AS SOMEONE who has watched numerous lawyer shows over the years, I reckon it's a miscarriage of justice that I've only ever been asked once to appear for jury duty.

On the appointed day I watched a couple of episodes of Carson's Law, raked my hair into place and headed into town to dispense some justice.

In the courtroom, the clerk eventually called my name, and I hadn't even fully stood up before the defence lawyer yelled (that's right, yelled), "Challenge". Mind you, he was a dodgy looking character.

So it was back to work for me where I spent the rest of the week waiting for the clerk to call. When he did, it was only to inform me my attendance was no longer required and thanked me for my time; all two seconds of it.
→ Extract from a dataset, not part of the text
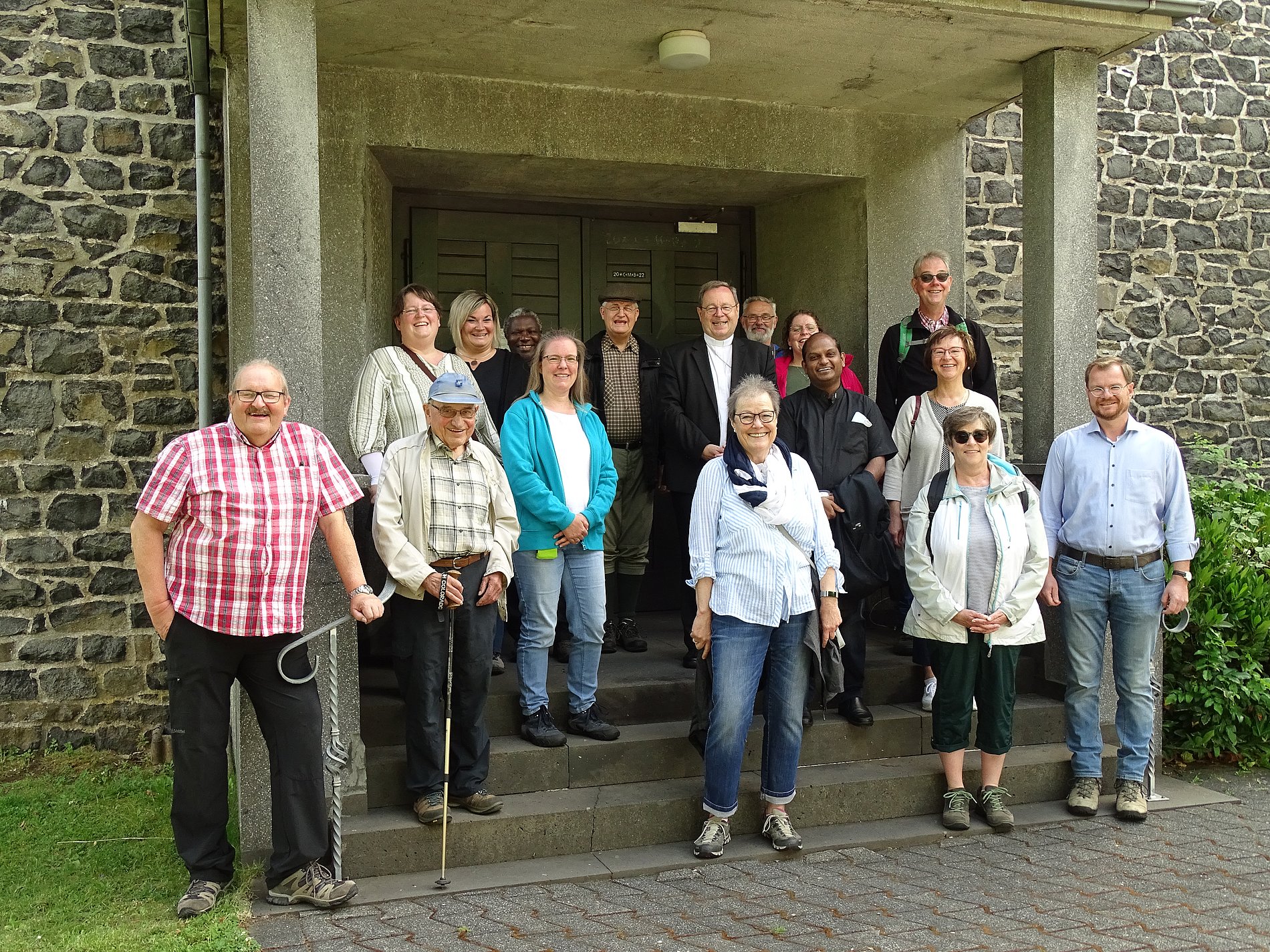 Bei jeder Visitation ist dem Bischof wichtig, mit den Gremien und den Hauptamtlichen der Pfarrei ins Gespräch zu kommen. Im Vorbereitungskreis wurde die Idee geboren, das Gespräch während einer Wanderung mit dem Bischof zu führen. Diese fand im Anschluss an die Morgenandacht bei Sonnenschein und angenehmen Temperaturen statt und führte durch Feld und Flur von Ailertchen zur Kapelle auf dem Ahlsberg nach Höhn.

Now, while I don't have a clue how to get on a jury, I did learn how not to get selected. So for all you shirkers out there wanting to dodge your community duty here are a couple of tips:

Upon arrival, loudly announce that you want to give the accused a fair trial, followed by a first-class hanging.

Or, approach the judge and confidently inform him that, after years of reading Phantom comics, you know exactly what a criminal looks like, then point at the nearest lawyer. That should get you tossed out of the courtroom at the speed of a pygmy's blow dart.

If any of the above should fail, then simply start removing your clothes. You definitely won't get picked then, and depending how far you go, you might even be given the chance to select your own jury in the very near future.

And should you see my hopeful face in the crowd of wannabe jurors, at least give me a fair trial.